Scholastique Mukasonga, au nom des siens

L’écrivaine franco-rwandaise a raconté dans un récit paru au printemps dernier comment la soif de savoir lui a permis d’échapper au génocide des Tutsis. Poursuivant inlassablement son travail d’assistante sociale, elle soutient aujourd’hui les migrants.

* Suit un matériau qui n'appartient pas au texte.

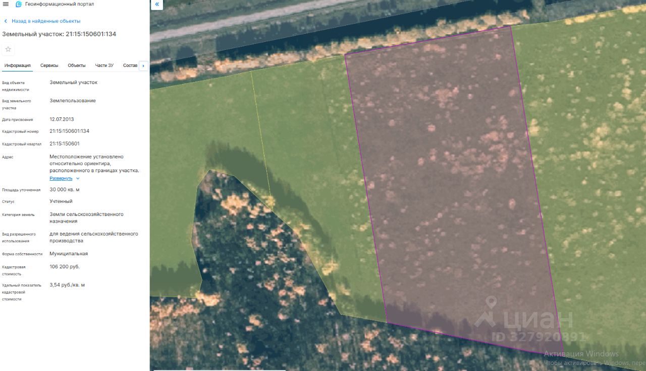 Земельный участок с кадастровым номером 21:15:150601:134 площадь 30000 по адресу Чувашская Республика - Чувашия, р-н Красночетайский, с/пос Хозанкинское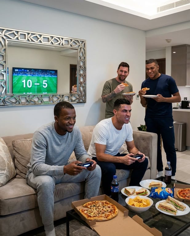 A complex, narrative-driven prompt for a hyper-realistic cinematic photograph capturing a humorous, unstaged moment in a modern apartment. The scene features the main subject (identity locked from reference photo) celebrating a dominant video game victory (10-5 score visible in a mirror reflection) while Cristiano Ronaldo shows competitive rage and Lionel Messi and Kylian Mbappe casually observe and eat snacks.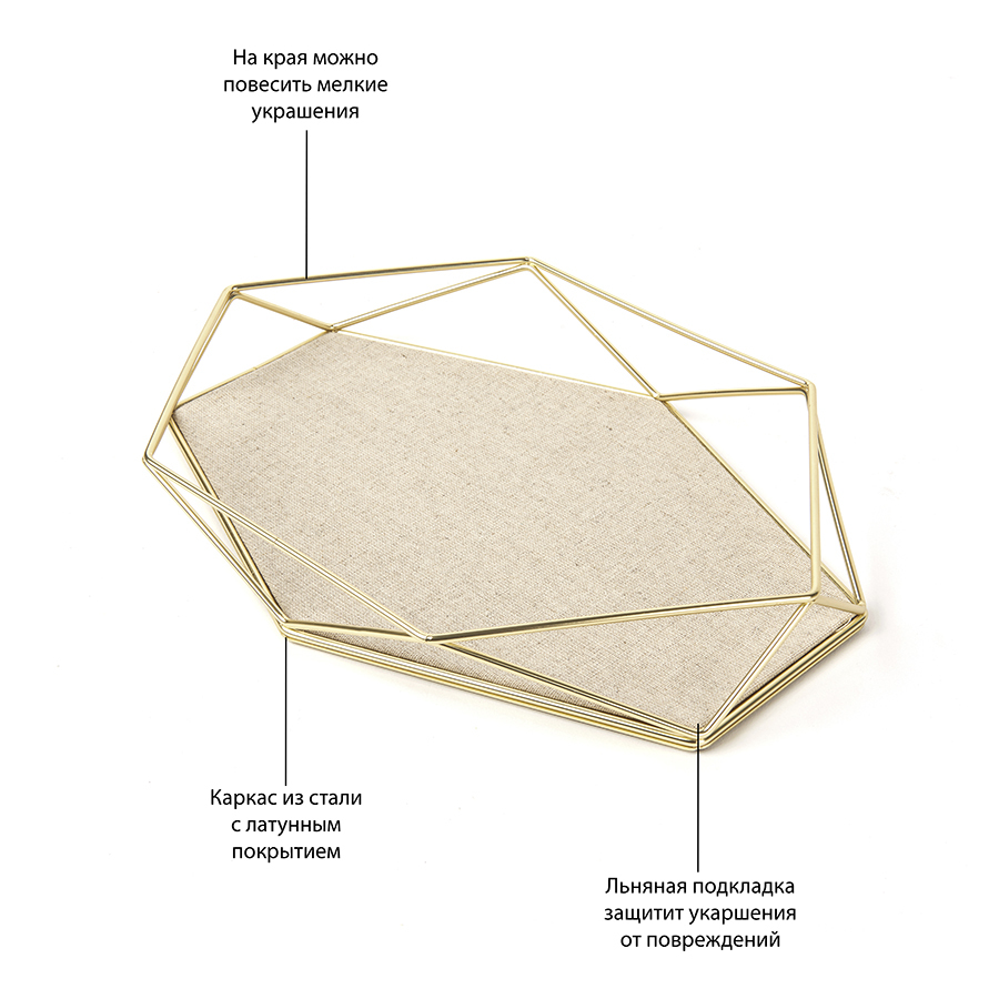 Органайзер-поднос для украшений PRISMA матовая латунь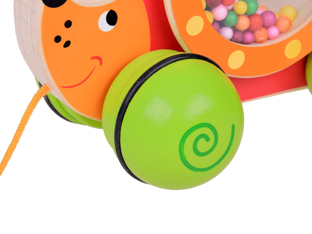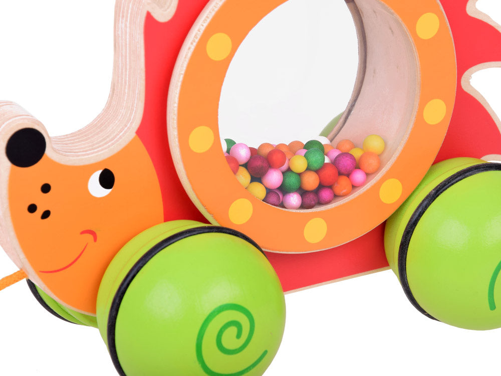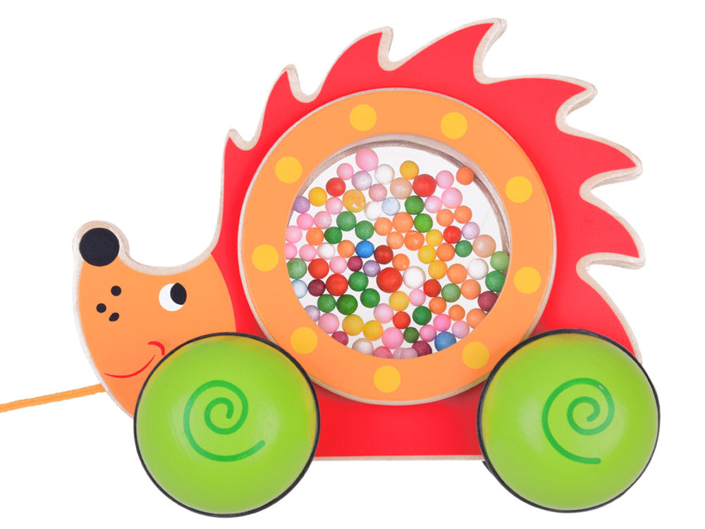Medinis ežiukas ant ratukų su spalvotais kamuoliukais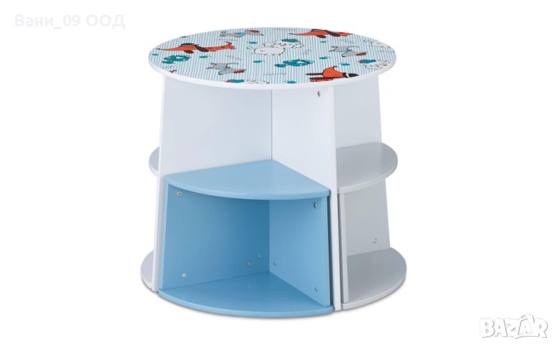 Създаден специално за деца, този висококачествен комплект маса и 4 дървени столчета има първокласно, безвредно лаково покритие, което предпазва от надраскване и улеснява почистването. Малките ще се радват да творят заедно със своите приятели различни занятия, да четат, да рисуват, да играят и да се хранят на собствената си маса и столчета. Комплектът е здрав и лек едновременно и може лесно да се мести от детската стая в хола , кухнята или спалнята - за да бъде детето по-близо до своите родители. Това е чудесен подарък за Вашето дете. Със своя модерен, изчистен дизайн в бяло и синьо на забавни кученца и идеални размери комплектът маса и столчетата се вписва във всяка детска стая - независимо дали е за момче или момиче. Компактно проектиран за лесно и удобно прибиране на столчетата.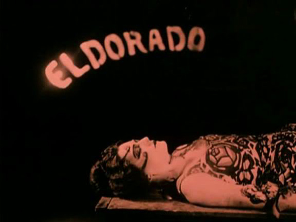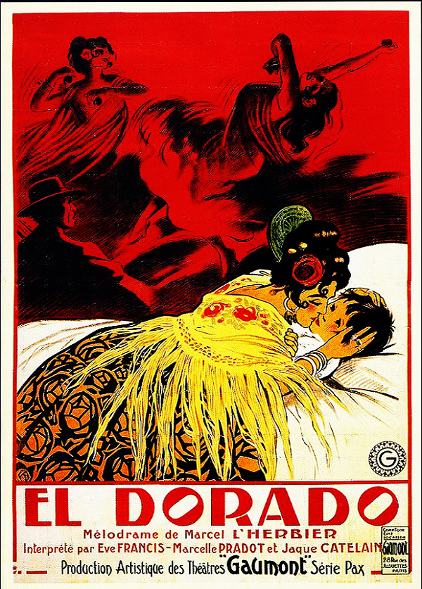 Dès la scène d’ouverture, nous sommes plongés dans l’ambiance : un cabaret, des danseuses, l’ivresse de l’alcool, la sensualité de la danse, la claquement des castagnettes, les couleurs chatoyantes, la fumée, les costumes extrêmement bien choisis, particulièrement la robe et la coiffure de Sibilla qui donnent réellement corps au personnage interprété par Eve Francis. L’Herbier fait preuve de modernité dans le découpage des scènes (les plans s’enchaînent, s’entrecroisent, les angles de prise de vues diffèrent dans une même scène) mais également dans les mouvements de caméra (panoramique, travelling arrière), incroyablement fluides pour l’époque. L’art de Marcel L’Herbier est de réussir à nous faire aussi bien ressentir l’ambiance sonore à travers le montage et la teinte des images, aidés bien sûr par la bande musicale spécialement composée par Marius-François Gaillard, à partir du montage définitif. La musique tient d’ailleurs une place très importante dans le cinéma de L’Herbier. Il pense que les images seules ne suffisent pas à faire passer l’émotion, elles doivent être sublimées par la musique. C’est pourquoi El Dorado est un « mélodrame », selon son propre terme.

Jean-Claude Renard  • 14 novembre 2018 abonné·es
Scholastique Mukasonga, au nom des siens
© photo : Catherine Hélie

Injonction paternelle : la réussite scolaire. Jusqu’à traîner sa fille, sous la menace d’un bâton, le jour de l’examen national. C’est aussi grâce à ce père, Cosmas, que le français, qu’il ne connaissait pas, est devenu pour elle une seconde langue. Cosmas s’était juré de sauver au moins un de ses enfants par l’école. Il ne s’est pas trompé. Ça valait bien, pour Scholastique Mukasonga, d’en faire le dédicataire de son dernier récit, Un si beau diplôme ! Celui d’assistante sociale, peut-être le seul choix de sa vie, pour exercer auprès des femmes paysannes. Le chemin sera âpre et laborieux. Elle le sait, parce que sa carte d’identité porte, « comme marque infamante », la mention « Tutsie ».

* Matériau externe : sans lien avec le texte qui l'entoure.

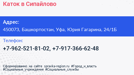 Каток в Сипайлово по адресу 450073, Башкортостан, Уфа, Юрия Гагарина, 24/1Б в дальнейшем Организация, размещена в следующих категориях: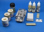 - Following spraying of Tamiya “Fine Surface Primer” (light grey), I sprayed the floor and other parts with a mixture of 90% Tamiya “Deck Tan” (XF-55) and 10% Tamiya X-22 Clear in Mr.Color Leveling Thinner (1:2 paint:thinner). Once dry, AK Interactive “Worn Effects” (AK088) was painted with a brush in two coats, about an hour apart, to the areas previously spray painted. An hour later a 1:2 mixture of Tamiya “Flat White” (XF-2) and Mr.Color Leveling Thinner was sprayed over the entire interior, to be repeated an hour later.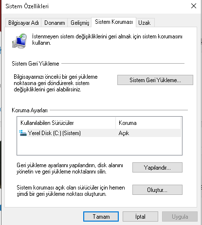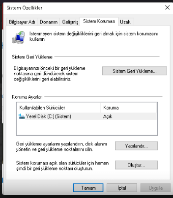 Sistem geri yüklemeye tıklayın ve en alttaki farklı geri yükleme olanı seçin ve ileri deyin sonra SS atın.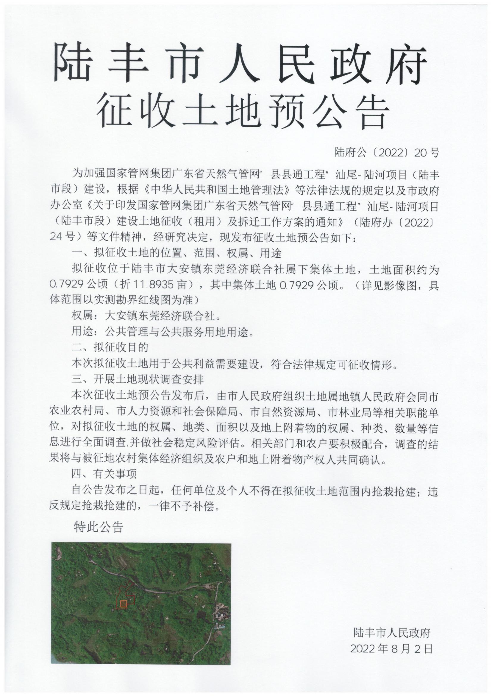 苹果直播 征收土地预公告(陆府公[2022]20号)
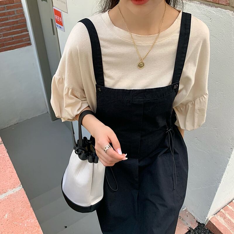 色:白いTシャツ,アプリコットTシャツ,グレースカート,黒スカート
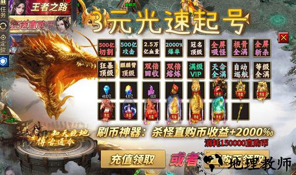 上线直升9999级免费领取自动回收 自动拾取 附带新手指南 助力快速上路,领完助力其他什么都不用管,跟随王者之路一路直冲 干就完事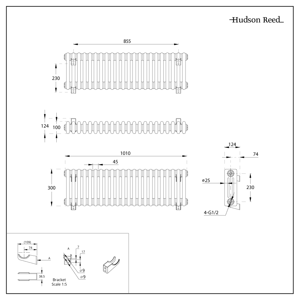 Radiatore a Colonna Tradizionale Orizzontale in Metallo Grezzo Laccato - 300 mm x 1010 mm (Tripla Colonna) - Regent

Scholastique Mukasonga naît en 1956 à Gikongoro, au sud-ouest du Rwanda, entre une mère fière de la noblesse de son lignage et un père intendant respecté et redouté, au service des chefs sous l’autorité coloniale. À la maison, on parle le kinyarwanda. En 1960, tandis qu’ont éclaté les premiers pogroms contre les Tutsis, sa famille est déplacée dans la région inhospitalière du Bugesera, à Nyamata. Elle a 4 ans seulement. « Je me revois dans une cour, confie-t-elle aujourd’hui, assise en tailleur dans la poussière, regardant l’affolement général. On avait été transportés toute la nuit dans un camion-benne et déversés à même le sol. Je m’accrochais au pagne de ma mère ! Ce n’est pas vraiment un souvenir de jeunesse, parce que je n’ai pas eu de jeunesse, mais des responsabilités, tantôt à épauler mes parents, tantôt à protéger mes petites sœurs. » Ce n’est qu’un début dans une existence de départs et d’arrivées, de valises faites et défaites.

Exil

Passé l’école primaire, l’adolescente réussit, en dépit de son statut ethnique, à s’inscrire au lycée Notre-Dame-de-Cîteaux, à Kigali, qui lui entrouvre « les portes du savoir ». Premières années de pensionnat, à 12 ans. Puis, contre toute attente avec ce maudit statut qui ne permet qu’à 10 % de Tutsis d’avoir accès aux études, elle est admise à l’école sociale de Karubanda, à Butare, à tout juste 16 ans. Réservé aux élites, placé entre les paysans et les politiques, confronté aux fréquentations des bourgmestres pour la promotion rurale, le métier d’assistante sociale fait rêver.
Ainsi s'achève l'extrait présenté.